## Task to complete
Leaving out the images, repeat all the lines below exactly.

## Records from a collection
+++

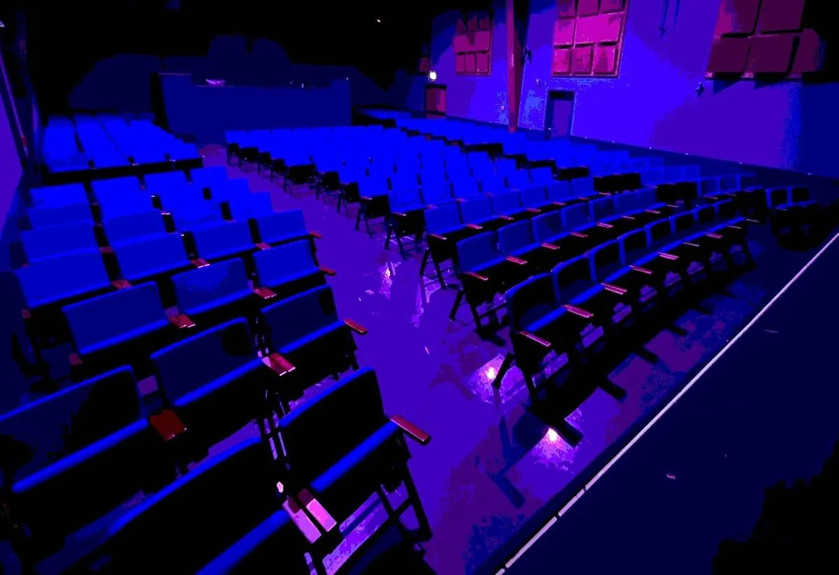 Audience seating and stage with a Steinway grand piano at The Polaris Theatre
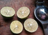 两个柠檬切开备用。用盐巴清洗出来的猪大肠,挤上柠檬汁接着搓揉5分钟,然后清洗。
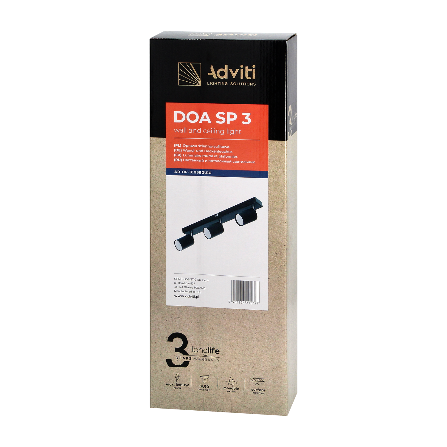 DOA SP 3 is a movable light fitting that will be perfect for any places where there is a need to direct the light in a specific direction to illuminate or emphasize elements of the decor and create an interesting visual effect. Thanks to its simple and minimalistic design, this wall and ceiling luminaire fits both - residential and commercial spaces, decorated in a traditional or modern style. The product is suitable for light sources with a GU10 base (not included) of 3 x 7W maximum rated power and it is made of steel. The direction of light beam can be adjusted thanks to the movable body of the luminaire. Suitable for both - wall and ceiling mounting. The luminaire is available in white or black.
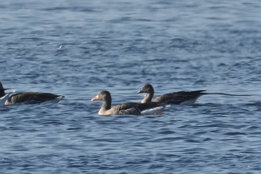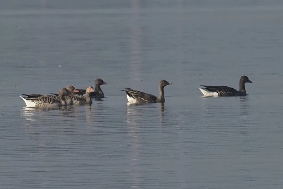 Hier sind wir uns nicht ganz sicher, ob wir richtig liegen, denn Merlin zeigte mitunter auch eine Kurzschnabelgans an, aber der farbige Streifen auf dem Schnabel lässt mich doch recht arg zur Tundrasaatgans tendieren.
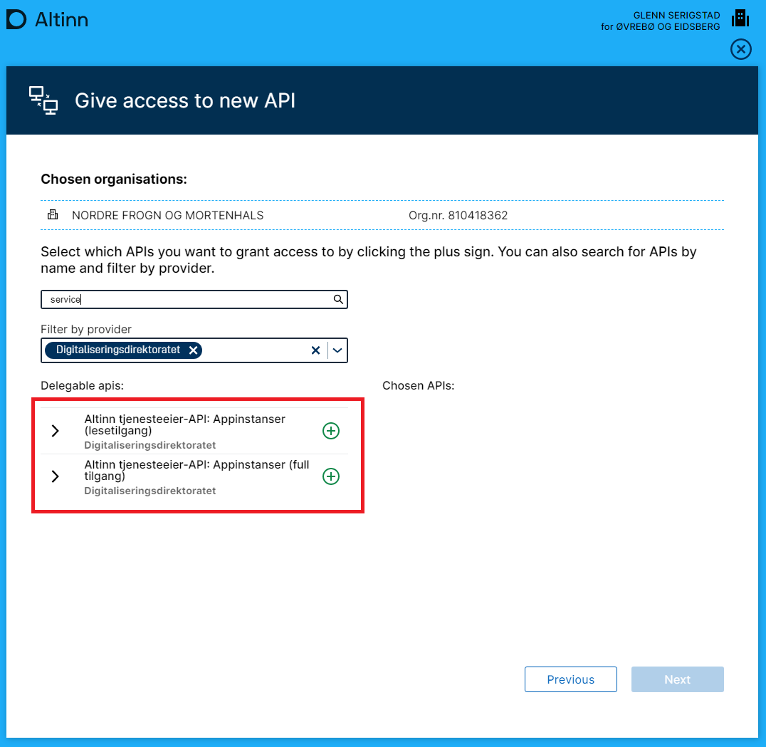 - Altinn Service Owner API: App Instances (full access) - provides access to scopes for both read and write.

+++

## Exercise answer
 Audience seating and stage with a Steinway grand piano at The Polaris Theatre
 两个柠檬切开备用。用盐巴清洗出来的猪大肠,挤上柠檬汁接着搓揉5分钟,然后清洗。
 DOA SP 3 is a movable light fitting that will be perfect for any places where there is a need to direct the light in a specific direction to illuminate or emphasize elements of the decor and create an interesting visual effect. Thanks to its simple and minimalistic design, this wall and ceiling luminaire fits both - residential and commercial spaces, decorated in a traditional or modern style. The product is suitable for light sources with a GU10 base (not included) of 3 x 7W maximum rated power and it is made of steel. The direction of light beam can be adjusted thanks to the movable body of the luminaire. Suitable for both - wall and ceiling mounting. The luminaire is available in white or black.
 Hier sind wir uns nicht ganz sicher, ob wir richtig liegen, denn Merlin zeigte mitunter auch eine Kurzschnabelgans an, aber der farbige Streifen auf dem Schnabel lässt mich doch recht arg zur Tundrasaatgans tendieren.
 - Altinn Service Owner API: App Instances (full access) - provides access to scopes for both read and write.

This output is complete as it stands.